May 2026 unemployment numbers are in, and northern Illinois is stuck in a kind of economic limbo. Jobless rates are mostly sitting in the mid-single digits, from roughly 4.0% in Stephenson County to 5.7% inside Rockford city limits. It is a patchwork of modest gains and small dips that still leaves many local communities above the national average, even as some parts of the state manage to eke out payroll growth.
According to the Beloit Daily News, local officials summed up May as a mostly steady month, with several communities logging only slight declines in jobless rates. The paper’s regional roundup leans on county-level tables from state labor officials, paired with on-the-ground reporting that captures how the numbers are landing in neighborhoods.
Rockford-area numbers
County data from the Illinois Department of Employment Security shows Winnebago County at 5.0% unemployment in May 2026, Boone County at 4.7%, Belvidere holding at 4.7%, Freeport at 4.6%, Rockford city at a higher 5.7%, Ogle County at 4.3% and Stephenson County at 4.0%. For the broader Rockford metro area, the not-seasonally-adjusted jobless rate sat at 5.0% for the month.
Over the year, the Rockford metro shed 1,900 total nonfarm jobs, according to the Illinois Department of Employment Security. The agency reported that Information and Mining-Construction booked gains, while Manufacturing, Professional-Business Services and Transportation all posted declines, reinforcing that the local labor market is moving in fits and starts rather than in a clean upward line.
National snapshot
Nationwide, the unemployment rate held at 4.3% in May 2026 and employers added about 172,000 payroll jobs. In other words, the country as a whole is running slightly hotter than many pockets of northern Illinois, where joblessness still comes in higher than the U.S. average. That gap helps explain why residents in some communities across the region continue to feel the strain of a softer labor market, even when the headline numbers look relatively firm, according to the Bureau of Labor Statistics.

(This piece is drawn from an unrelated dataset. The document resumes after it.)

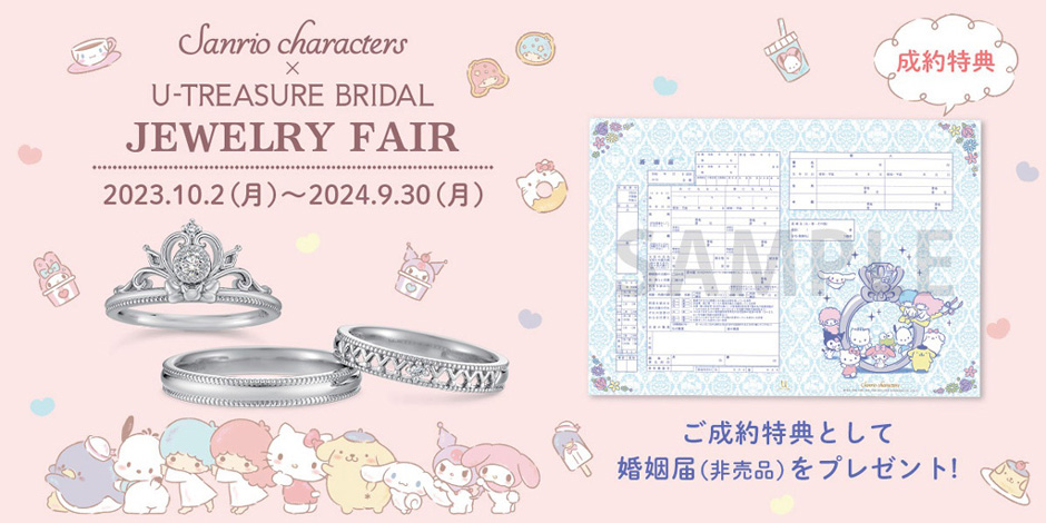 ㈱ユートレジャー (東京都豊島区、 伊藤崇史社長) は、 ㈱サンリオとコラボレーションしたブライダルジュエリーフェアを2023 年 10 月 2 日 (月) から 2024 年 9 月 30 日 (月) までの期間、U-TREASURE オンラインショップ、 U-TREASURE コンセプトストア池袋のほか、 正規販売店で開催する。 婚約指輪または結婚指輪 を成約の方に 「U-TREASURE オリジナル婚姻届」 を成約特典としてご用意した。

Statewide picture and where jobs moved
Zooming out to the state level, Illinois is treading its own careful line. The seasonally adjusted unemployment rate held at 5.1% in May, while total nonfarm payrolls ticked up by roughly 6,000 jobs, marking the third month in a row with employment gains.
"Illinois added jobs for the third consecutive month in May, while the unemployment rate remained stable," Deputy Governor Andy Manar said in a statement, as reported by IDES. State officials highlighted month-to-month growth in Trade, Transportation and Utilities, Manufacturing and Government as among the strongest spots on the jobs map.
What this means locally
For jobseekers and employers in northern Illinois, the result is an uneven hiring landscape. Construction, education and health services have shown openings, while some manufacturers and business-service firms remain cautious about bringing on new workers. To help close the gap between openings and applicants, the state runs a searchable job portal at IllinoisJobLink and coordinates local hiring events to connect people with available positions.
Full county-by-county tables are available in state releases, and local coverage from outlets like the Beloit Daily News helps put the bare statistics into community context. We will be watching updated figures and local hiring shifts that could reshape the jobless picture across northern Illinois in the months ahead.